Persistently elevated soluble tumor necrosis factor receptor and interleukin-1 receptor antagonist levels in critically ill patients

M A Rogy et al. J Am Coll Surg. 1994 Feb.

Abstract

The appearance of endogenously produced inhibitors against tumor necrosis factor (TNF) (soluble TNF-receptor type I, sTNFR-I) and interleukin-1 (IL-1 receptor antagonist, IL-1ra) was evaluated acutely in five normal patients after experimental endotoxemia lipopolysaccharide (LPS) and prospectively during a one to 11 week period in 12 septic, critically ill patients. Increased levels of both factors remained detectable in the circulation for up to 24 hours after LPS (2 nanograms per kilogram body weight) administration in normal patients. Despite free TNF-a activity being detected only sporadically (3 percent of the samples) and that IL-1 beta was never detectable in the patients in the intensive care unit, IL-6 bioactivity was present in 90 percent of initial samples. Circulating sTNFR-I levels up to 62,000 picograms per milliliter and IL-1ra levels of 14,800 picograms per milliliter were noted in the critically ill patients and remained consistently detectable throughout the extended period of evaluation. While there was no difference in IL-1ra levels between patients who survived or ultimately died, sTNFR-I levels were significantly (p < 0.001) lower in survivors compared with nonsurvivors.
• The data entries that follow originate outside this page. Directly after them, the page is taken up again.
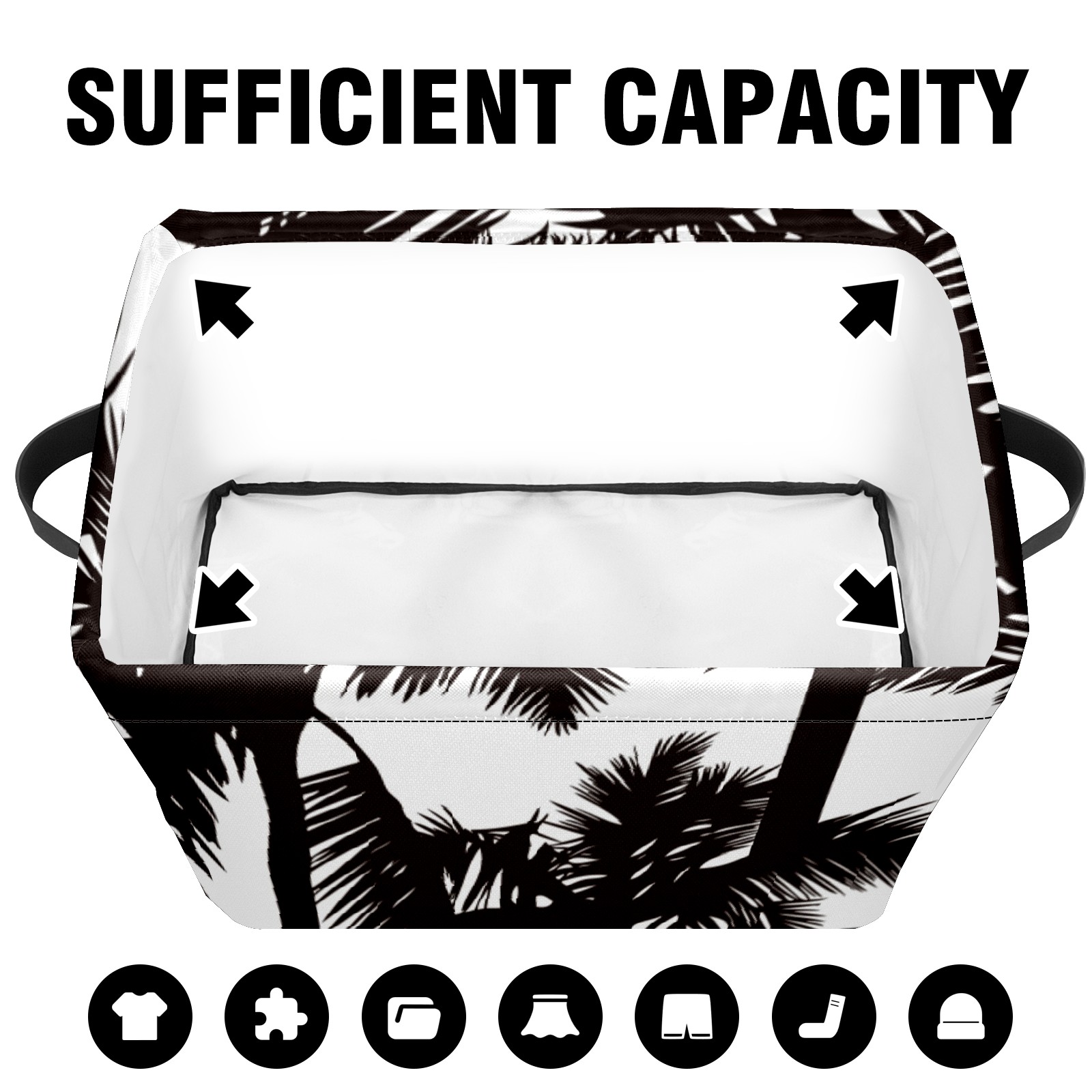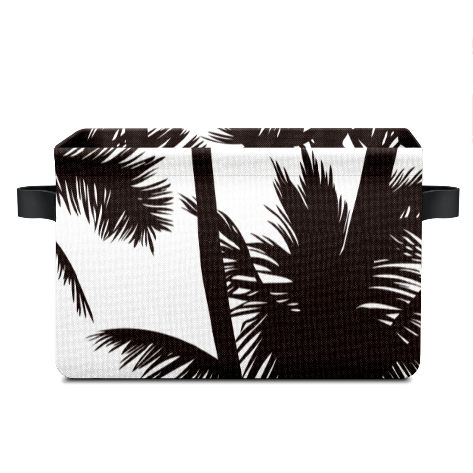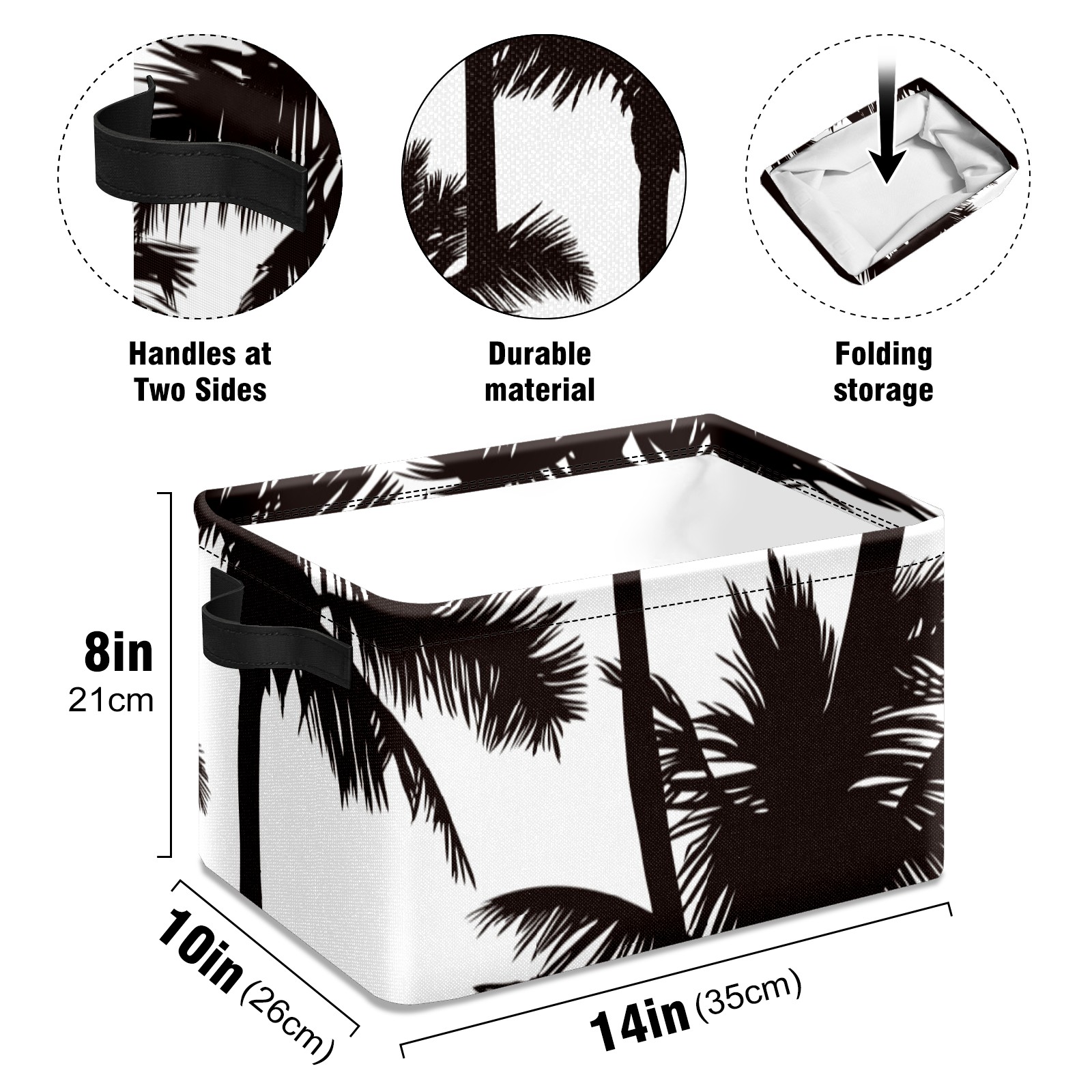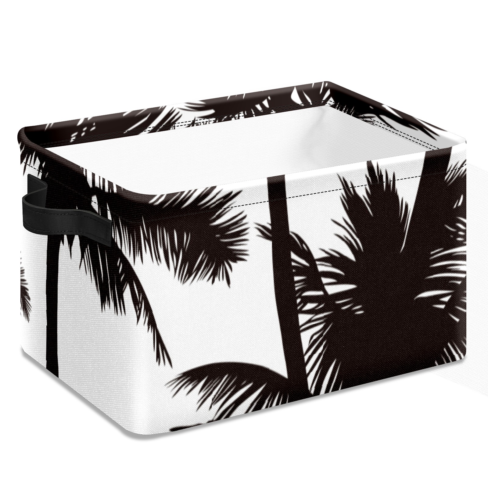 Collapsible 600D Oxford Storage Basket with Tropical Black White Palm Tree - Metal Frame 10"x14"x8" Reinforced Handles, Multi-Purpose Organizer
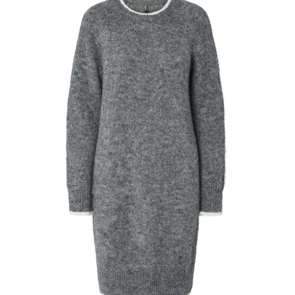 Strikket kjole med rund hals og lange ærmer med faldene skuldre. Regular fit og korte længde, perfekt til afslappede hverdagslooks.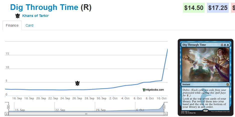 While $17.25 is awfully expensive for a large set rare, I certainly don’t think these will drop below $10 for quite some time. If you’ve got copies today, I’d try and unload them into this hype – either online or, preferably, in trades at your LGS. Capitalize on this hype. More and more copies of Dig Through Time will be opened and this card will inevitably drop in price. Don’t be left holding the bag. If you have copies you aren’t playing with, now is the time to move them and lock in profits.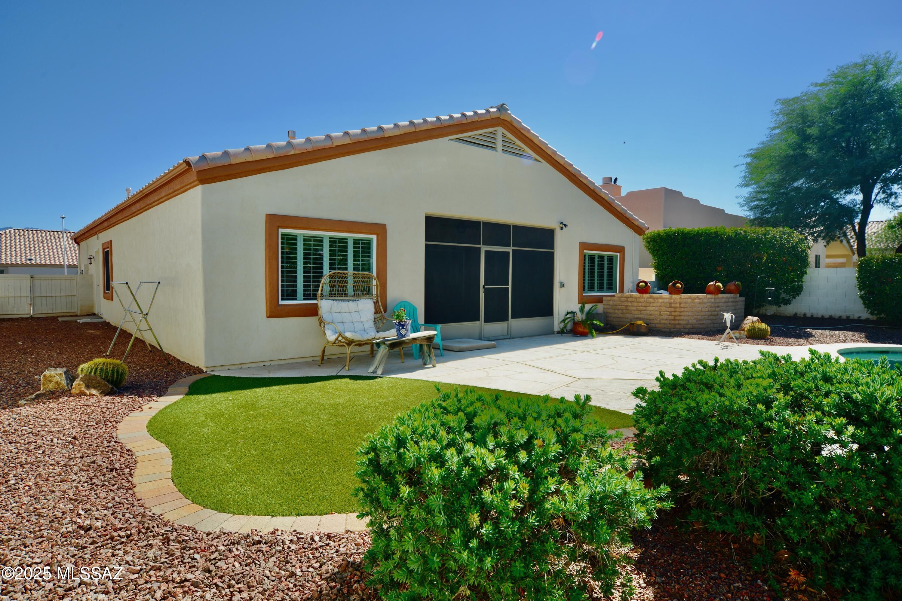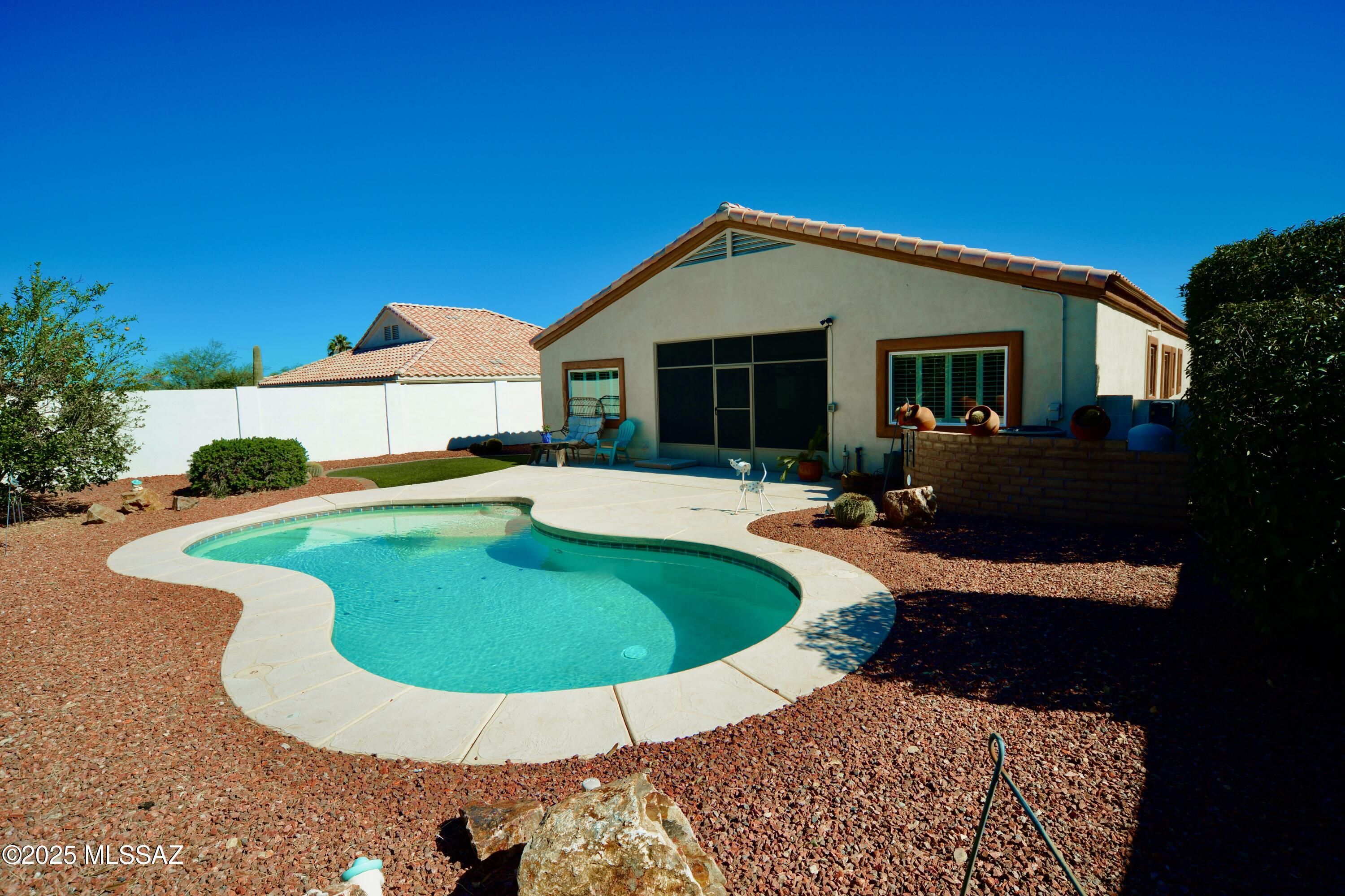 Beautifully updated 2BR + den, 2BA home in Desert Creek with a private saltwater pool and pet-friendly turf creating the perfect patio retreat. A screened Arizona room invites year-round enjoyment. This light-filled home features a split floor plan, high ceilings, tile and wood flooring, and a spacious kitchen with granite counters, island, and dual gas ovens. The open great room includes a gas fireplace and large windows, while the den with double doors and adjacent office nook offer flexibility. The primary suite has dual vanities, garden tub, separate shower, and walk-in closet. New water softener, knotty alder front door, 2-car garage, low HOA, and a convenient location make this move-in ready gem complete.

A correlation between circulating sTNFR-I and concurrent cortisol levels (r = 0.64; p < 0.002) was also noted. Furthermore, a correlation between sTNFR-I and the severity of initial insult, as assessed by APACHE II scores (r = 0.54; p < 0.01) was demonstrable. These naturally occurring cytokine antagonists likely represent additional indicators of the presence of an infectious or other inflammatory process and seem to persist in the circulation even during conditions in which their respective proinflammatory cytokines are not demonstrable.